Erik Braatz1, Vanja Sesartic1, Jan Liska2.   

Abstract

INTRODUCTION: We performed a randomized study to investigate if a high versus a standard dose of heparin dose during cardiopulmonary bypass could affect intra- and post-operative bleeding and reduce the inflammatory response.
METHODS: A total of 30 patients undergoing elective coronary artery bypass grafting were randomized into high or standard dose of heparin during cardiopulmonary bypass. Blood loss was documented peri- and post-operatively, and interleukin-6, tumor necrosis factor-α, and C3 were measured in conjunction with cardiopulmonary bypass.
RESULTS: Data from 29 patients were analyzed after exclusion of one patient. The mean initial bolus and total heparin doses were 43,000 ± 5,800 IU versus 35,000 ± 4,100 IU, (p < 0.001), and 58,000 ± 9,500 IU versus 45,000 ± 7,900 IU, (p < 0.001) in the intervention and the control group, respectively.

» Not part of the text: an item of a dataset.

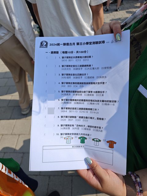 球團用心準備的測驗題目 答案就不公布了
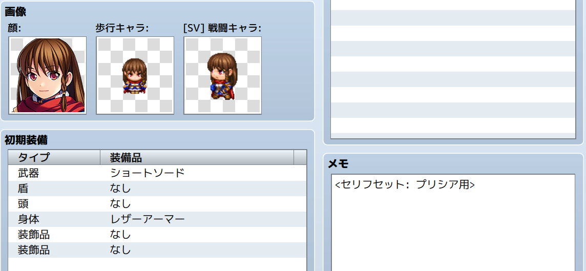 登録したセリフセットを使わせたいアクターや敵のメモ欄に以下のように記入してください。 プリシア用 の部分には先ほど登録したセリフセットIDを指定してください。

The median intra-operative bleeding was 150 mL (interquartile range 100-325) in the control versus 225 mL (IQR 200-350) in the intervention group, p = 0.15. The median chest tube blood loss 12 hour post-operatively was 300 mL (interquartile range 250-385) in the control versus 450 mL (IQR 315-505) in the intervention group, p = 0.029. There was no significant difference between the control group and the intervention group during cardiopulmonary bypass for the measured inflammatory markers interleukin-6 (p = 0.98), tumor necrosis factor-α (p = 0.72), or C3 (p = 0.13).
CONCLUSION: This small study showed a small increase of post-operative bleeding associated with higher heparin dosage in conjunction with cardiopulmonary bypass but did not demonstrate an effect of heparin on the inflammatory response to cardiopulmonary bypass.

Entities:  

Keywords:  cardiac surgery; cardiopulmonary bypass; coagulation; heparin; inflammation; systemic inflammatory response syndrome

Mesh:

Substances:

Year:  2020        PMID: 32493115     DOI: 10.1177/0267659120924917

Source DB:  PubMed          Journal:  Perfusion        ISSN: 0267-6591            Impact factor:   1.972


  1 in total

1.  A Blinded Randomized Trial Comparing Standard Activated Clotting Time Heparin Management to High Target Active Clotting Time and Individualized Hepcon HMS Heparin Management in Cardiopulmonary Bypass Cardiac Surgical Patients.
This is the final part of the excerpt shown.